The Ultimate Republican Threat

It is one of the anomalies of today's politics: The party that professes absolute fealty to the Constitution in its original form is also the most eager to change it. Exhibit A is the amendment pushed by Republicans to require a balanced budget every year, cap federal spending at 18 percent of gross domestic product, and bar any increase in taxes without a supermajority of two-thirds of Congress or any increase in the national debt without a supermajority of three-fifths.

The immediate explanation for the amendment may seem obvious. Republicans in Congress want to please their party's base. But why is the base so interested in putting government in a straitjacket? A party that sees itself as likely to win future elections is generally not interested in limiting its own powers. But according to Ran Hirschl, a legal scholar in the field of comparative law, parties expecting their fortunes to decline often attempt to entrench their views in constitutional provisions while they have the power to do so. Hirschl calls this pattern "hegemonic preservation," and the Republican Party's eagerness to amend the Constitution is a perfect example.

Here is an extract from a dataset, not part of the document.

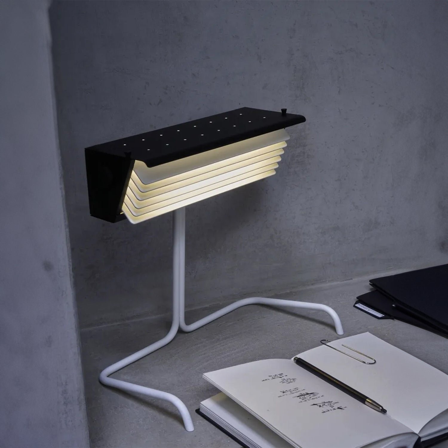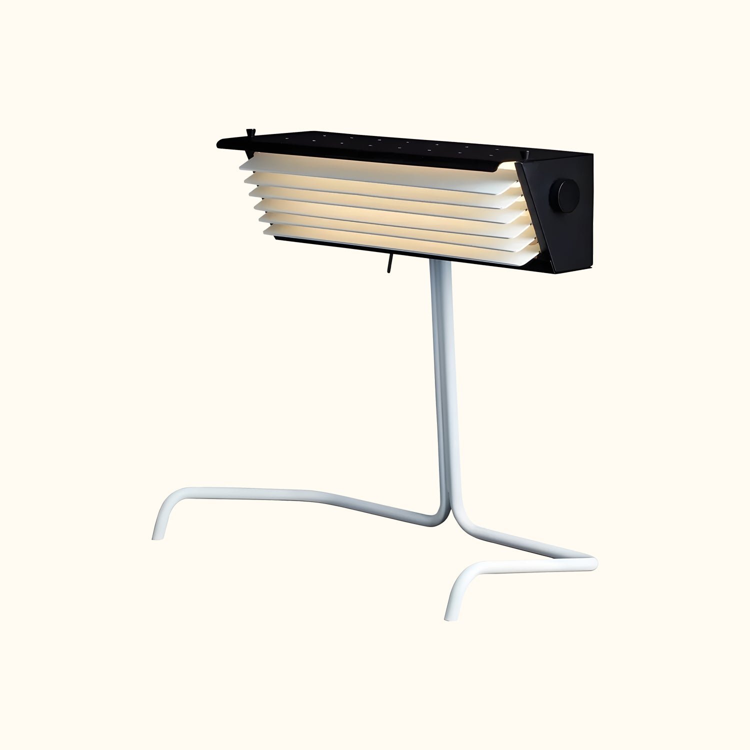 The Biny table lamp is like an extraterrestrial creature in the world of lighting. Some people compare it to a robot, others see it as a cartoon character, while some view it as a radically efficient minimalist object. Designed in 1957, it still retains its modern appeal.To make reading easier, Biny incorporated “blinds” that can direct the light onto the reading surface. For a gentler yet powerful light, this redesigned version uses 2700K LED technology and features blinds controlled by a Flap Wheel.

Republicans know in their gut that theirs is a demographically declining party. The GOP does poorly among younger voters, and it has little appeal to ethnic minorities who represent a rising share of the population. The native-born whites at the party's base worry that they are losing control of American society, and they see themselves as the source of the nation's wealth and values, besieged by claimants on the public treasury who steal their money through taxes. Locking in low taxes through the Constitution would offer them protection even after they can no longer dominate elections.

The Constitution did not omit limits on taxes and borrowing because of an oversight. Under the Articles of Confederation, the federal government had been paralyzed because of its inability to raise revenue, and one of the chief purposes of the Constitution was to give the government the fiscal powers it had previously been denied. During the ratification debate, those fiscal powers were at the heart of the Anti-Federalist case against the Constitution -- to which Hamilton responded, in "Federalist No. 30," that limiting those powers would be unwise because there was no telling what demands the government might face in the future.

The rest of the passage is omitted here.